Investigación publicada en el Revista británica de nutrición descubrió que hacer ejercicio en ayunas quemaba hasta un 20% más de grasa en comparación con hacer ejercicio después de comer. Pero ese número no cuenta toda la historia. La oxidación de grasas durante el ejercicio no se traduce automáticamente en una mayor pérdida de grasa durante 24 horas o semanas de entrenamiento. El panorama completo tiene más matices y comprenderlo le ayudará a tomar decisiones más inteligentes cada vez que se suba a la cinta de correr.
Cuando te despiertas por la mañana después de siete a nueve horas de sueño, tus niveles de glucosa en sangre son relativamente bajos y tus reservas de glucógeno (las reservas de carbohidratos almacenadas en el hígado y los músculos) están parcialmente agotadas. Este estado metabólico es lo que los profesionales del fitness llaman "estado de ayuno". En este punto, su cuerpo ya ha estado quemando calorías a través de funciones básicas durante la noche y ha ido cambiando gradualmente hacia el uso de grasa almacenada como combustible.
Cuando comienzas a caminar o trotar en la cinta en esta condición, tu cuerpo continúa priorizando la grasa como fuente de energía porque no hay glucosa fresca disponible en una comida reciente. Los niveles de insulina son bajos, lo cual es importante porque la insulina suprime la descomposición de las grasas. Sin la insulina, las células grasas son más accesibles y la lipólisis (la descomposición de la grasa almacenada) se produce de manera más eficiente.
Además, el ejercicio en ayunas se ha asociado con niveles elevados de la hormona del crecimiento humano (HGH), que favorece el metabolismo de las grasas y la preservación de los músculos. Un estudio del Intermountain Medical Center Heart Institute encontró que los hombres que ayunaban mostraban una Aumento del 2000% en HGH , mientras que las mujeres mostraron un aumento del 1.300% después de un ayuno de 24 horas. Si bien su ayuno previo al entrenamiento es mucho más corto, el cambio hormonal direccional sigue siendo significativo para su sesión en la cinta de correr.
Para ciertas personas con objetivos específicos, el entrenamiento en ayunas en cinta rodante tiene mucho sentido práctico y fisiológico. He aquí por qué puede ser una estrategia legítima:
A intensidades bajas a moderadas (aproximadamente del 50 al 65 % de su frecuencia cardíaca máxima), su cuerpo depende predominantemente de la grasa para obtener energía, independientemente de si está alimentado o en ayunas.

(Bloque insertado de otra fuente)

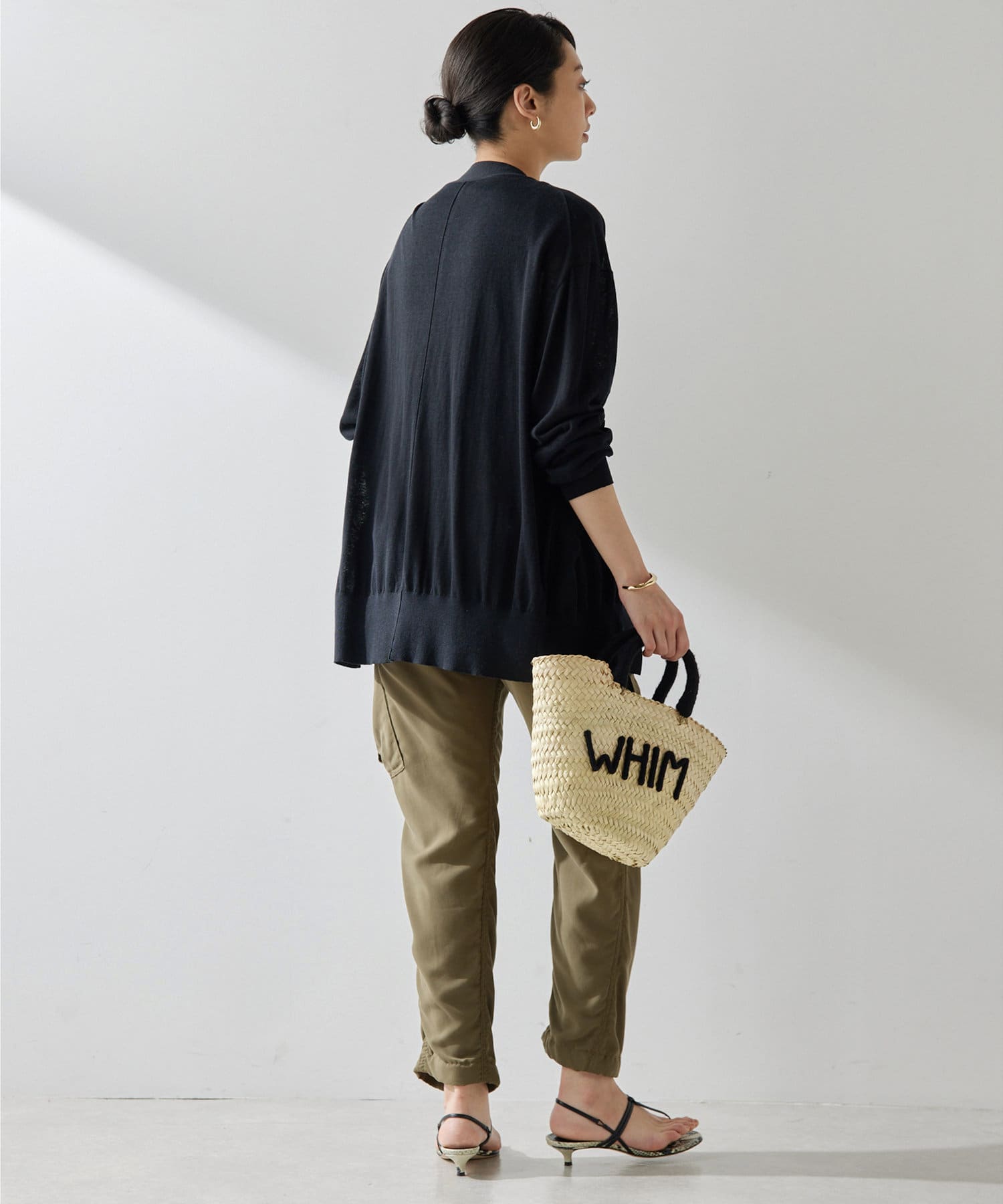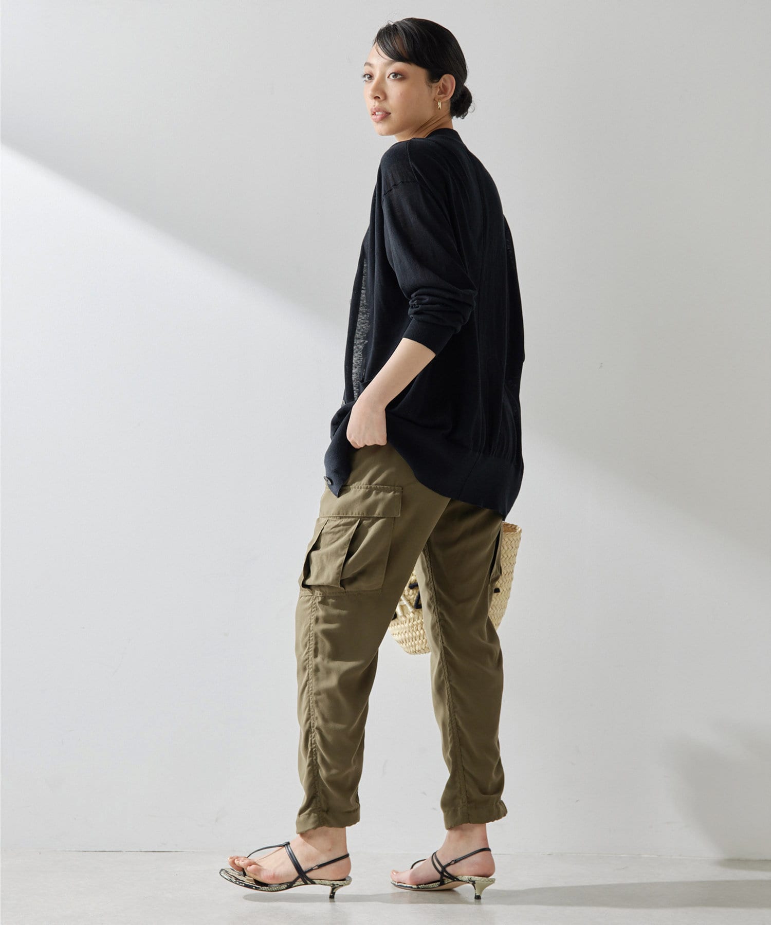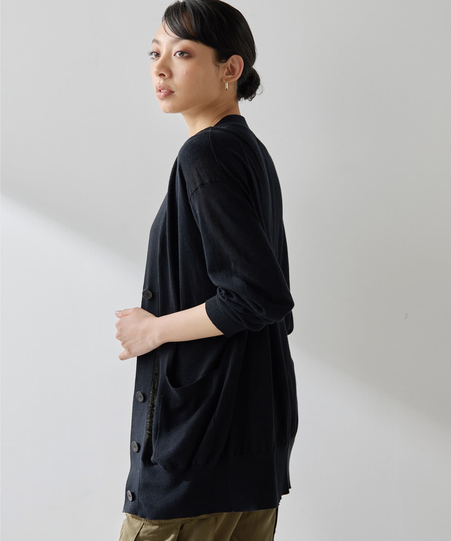 シルクリネンが差をつける上品なカーディガン。少し長めの丈感が腰回りをカバーしてくれ、こなれた印象に。春夏に着回せるアイテム。ニットとのアンサンブルも素敵ですよ。
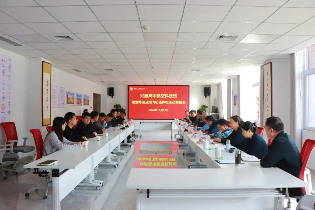 为高质量完成招飞体检工作,19日下午,北京助航者空天科普发展中心专家、招飞体检队专家与兴源高中招飞专干们齐聚一堂召开航空科技班招生筛选及招飞初选体检工作筹备会。会上按照招飞体检的具体要求,对体检流程、安全管理、服务保障等方面做了周密部署,确保学生以最佳状态参加体检。
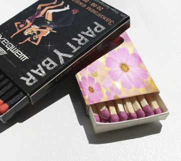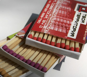 - По желанию заказчика в работе могут быть использованы цветная головка спички, дизайнерский картон, индивидуальная форма коробка, тиснение изображения и текста фольгой, черное древко.
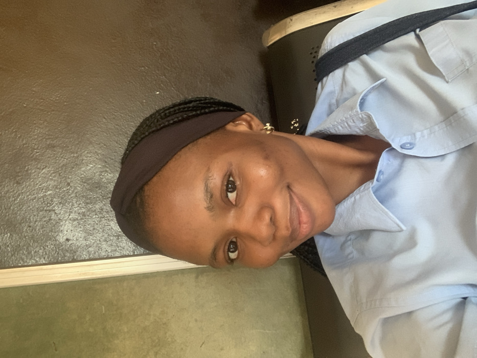 An image taken indoors in Lagos, Nigeria, depicts a young adult female posing for a photograph
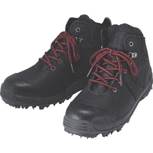 片足15本(外観上は30本)の鋼製スパイクピン付きです。撥水加工しております。脱ぎ履きしやすいシューレース+サイドゴアになっております。林業・法面作業に。 |

Pero en ayunas, el porcentaje de energía procedente de las grasas aumenta aún más. Esta es la razón por la que muchos culturistas y atletas realizan ejercicios cardiovasculares en ayunas en cinta rodante con una caminata rápida (de 3,5 a 4,0 mph) durante 30 a 45 minutos como parte de una fase de corte. Están trabajando deliberadamente en la zona donde la grasa es el combustible dominante y utilizan el estado de ayuno para amplificar ese efecto.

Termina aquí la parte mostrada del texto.